24. November 2012 at 17:06
Saturos, What part of the Krugman post intrigued you?
24. November 2012 at 20:00
What definition of “liberal” are you using when you say that Obama is liberal?
http://www.allgov.com/news/top-stories/obama-has-authoritarian-powers-bush-could-only-dream-of?news=844386
24. November 2012 at 23:08
Ah, yes, W.G. Sebald is someone I should get around to reading. I don’t understand why so many smart people like Poe that much, I merely think he’s alright. As for Hawthorne, House of the Seven Gables inspired Lovecraft, didn’t it? But there is much more (and better) to speculative fiction than Wells…
About Stephen King, you should read Man in the Black Suit, which was based on a Hawthorne story and won tons of awards. You would also like On Writing.
What part of the Krugman post intrigued you?
All of it, but especially the penultimate two paragraphs, where it turned out he’d been building up to a defense of himself. Does it work, do you think?
25. November 2012 at 01:59
Interesting idea. But didn’t Borges say that “all writers create their own precursors.” Perhaps that should include political strategists too…

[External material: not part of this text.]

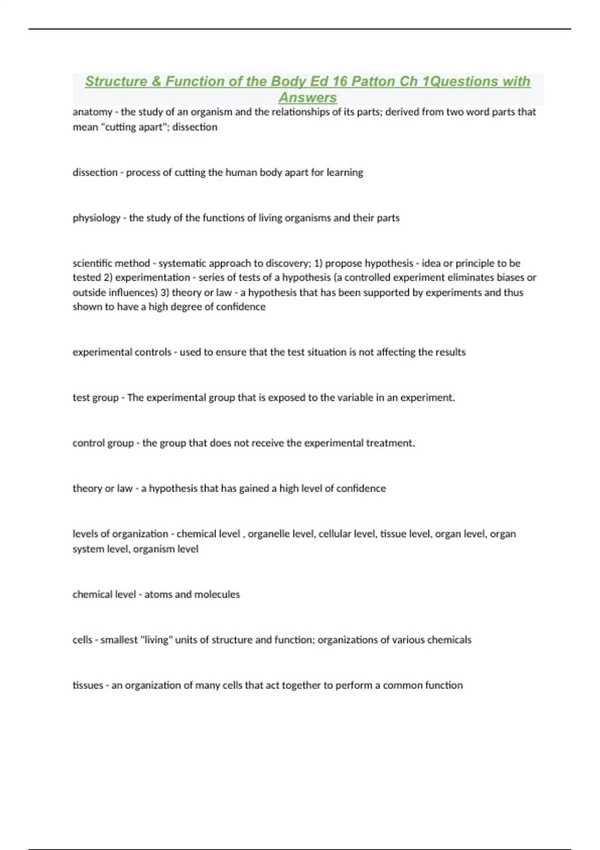 Structure and Function of the Body Ed 16 Patton Ch 1 Guide Questions with Answers anatomy - correct answers the study of an organism and the relationships of its parts; derived from two word parts that mean "cutting apart"; dissection dissection - correct answers process of cutting the human body apart for learning physiology - correct answers th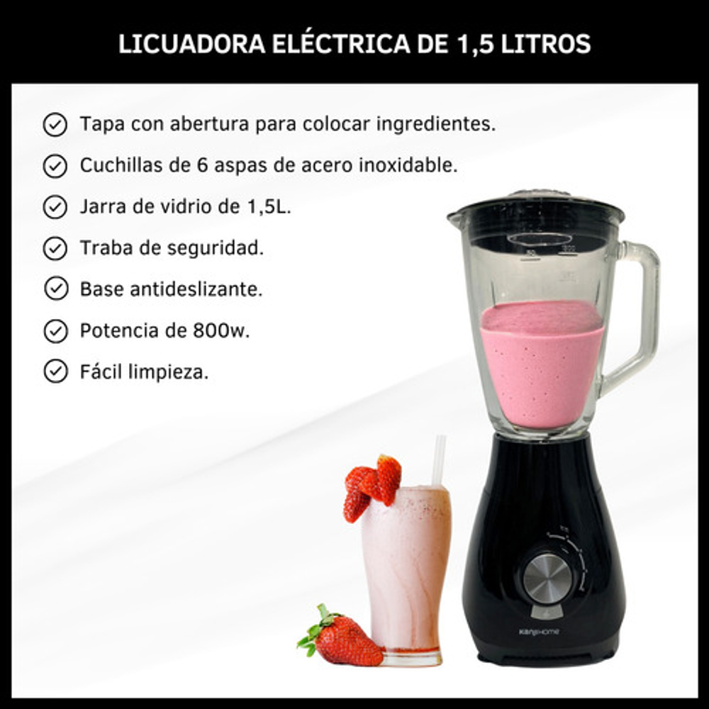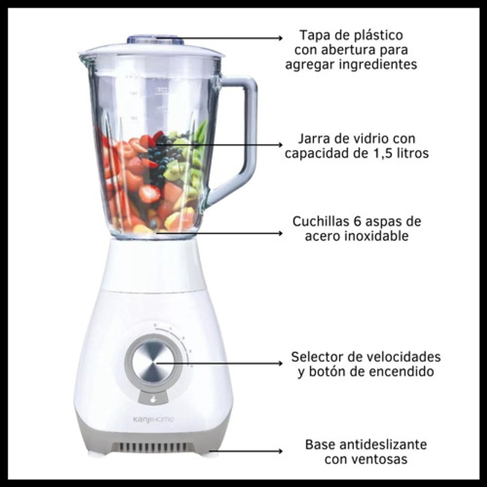 LICUADORA 1.5 LITROS JARRA DE VIDRIO KANJI

25. November 2012 at 07:29
Al, Someone who virtually always puts more weight on distribution than efficiency (unlike Bill Clinton.) I agree he’s not liberal on civil liberties–but he’s still “big government”. He doesn’t have a libertarian bone in his body. Maybe I should have said anti-libertarian, not liberal.

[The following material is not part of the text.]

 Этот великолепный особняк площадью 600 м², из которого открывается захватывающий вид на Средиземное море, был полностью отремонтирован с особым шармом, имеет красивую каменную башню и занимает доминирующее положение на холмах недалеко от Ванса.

Saturos, So Krugman doesn’t have a predetermined political or policy position? Hmm, could have fooled me. In any case the 1950 and 60s are one single data point in this sort of analysis.
Here’s another data point—Europe has a model that Krugman seems to prefer over the US, and much higher natural rate of unemployment and much lower steady state RGDP per person, PPP adjusted.
Wells is an underrated sci-fi writer. If I want interesting speculative ideas about science, I’d rather read actual science–which is far more mind-boggling than sci-fi. I’ll take your word for it on Stephen King. I’m sure Hawthorne influenced Lovecraft, but don’t know the details. In general, I’m interested in writers who create their own style, not those who are very skilled at existing styles.
Poe and Lovecraft are perfect examples of talented writers who look bad because their style is so over the top. Think of them as being analogous to powerful painters with styles that seem primitive and childlike. Having said that, I suppose both appeal more to the young than the old.
Hugh, Good observation.
25. November 2012 at 08:52
Wow great comments Scott. But speculative fiction is often more about philosophy than science, as Wells himself illustrates.
Hugh, yes of course!!!
25. November 2012 at 21:35
“Here’s a test-do they favor legalizing marijuana, more immigration, and gay marriage. If so, then they obviously aren’t conservatives, they are libertarians or classical liberals or neoliberals or some other L-word.”
Scott, you are engaged in a caricature of conservative thought as being against all change. There are good, conservative arguments for favoring all of those things (and there are aslo conservative arguments against, I must add).
25. November 2012 at 23:03
Having lived in D.C. for awhile I can say that anyone there, or anyone living in the Virginia countryside near there, is the last one to know what American voters are really thinking. Rove was destined to lose and will keep losing as long as he’s given credibility. What makes D.C. a different place than the rest of the country is that credibility is nearly impossible to achieve and, once achieved, is nearly impossible to lose (even if well deserved).
Hollywood is similar of course (having lived there too). A whole generation of boomers changed cinema in the 70’s and 80’s and now they green light remakes of Red Dawn. That same generation is firmly in control in the GOP, well past its prime, and yes, Romney’s campaign was a remake of Red Dawn. A generation is like a bee. It stings once and hard and then just lingers with its guts torn out.